En 2010, Catherine Baÿ investissait déjà le Forum du Centre Pompidou avec Le Banquet, performance d’une semaine durant laquelle Blanche-Neige et ses convives célébraient l’épuisement de la forme, de la représentation et des conventions de toutes sortes. Cinq ans plus tard, Catherine Baÿ n’a rien perdu de ses ambitions scénographiques, de son humour grinçant et de son goût pour la dissonance.

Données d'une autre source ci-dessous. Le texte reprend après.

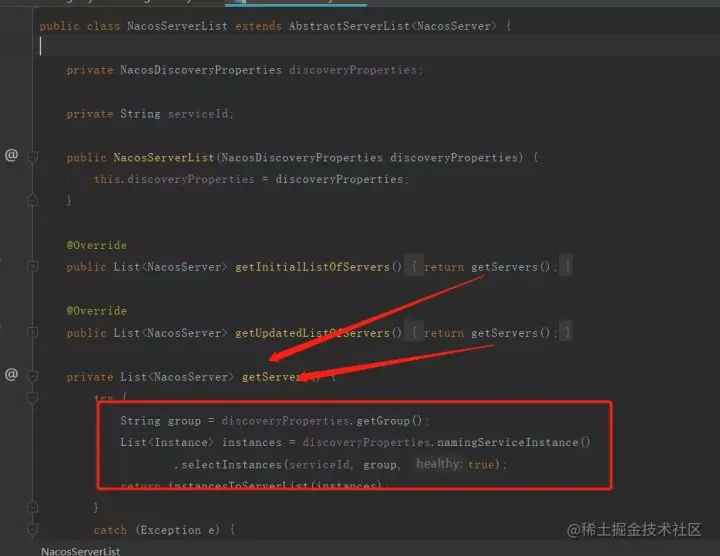 可以看出,实现其实很简单,就是通过nacos提供的api NamingService来实现获取服务实例,然后转换成ribbon认识的NacosServer。

Pour cette célébration en grandes pompes, elle transforme la scène en plateau télé grandeur nature, écrans, coulisses et techniques apparents. Le public pénètre in medias res le dispositif scénique par lequel il se transforme, à son insu, en téléspectateur. L’action est mollement entamée: l’équipe technique s’affaire, le cameraman opère les derniers réglages, la styliste s’occupe de la garde-robe, le présentateur révise ses fiches, la première invitée se fait maquiller. Bien que plus proche du câble que des chaînes hertziennes, ce décor immersif et dépaysant renforce le brouillage des frontières entre vérité et fiction, documents d’archive et artifices.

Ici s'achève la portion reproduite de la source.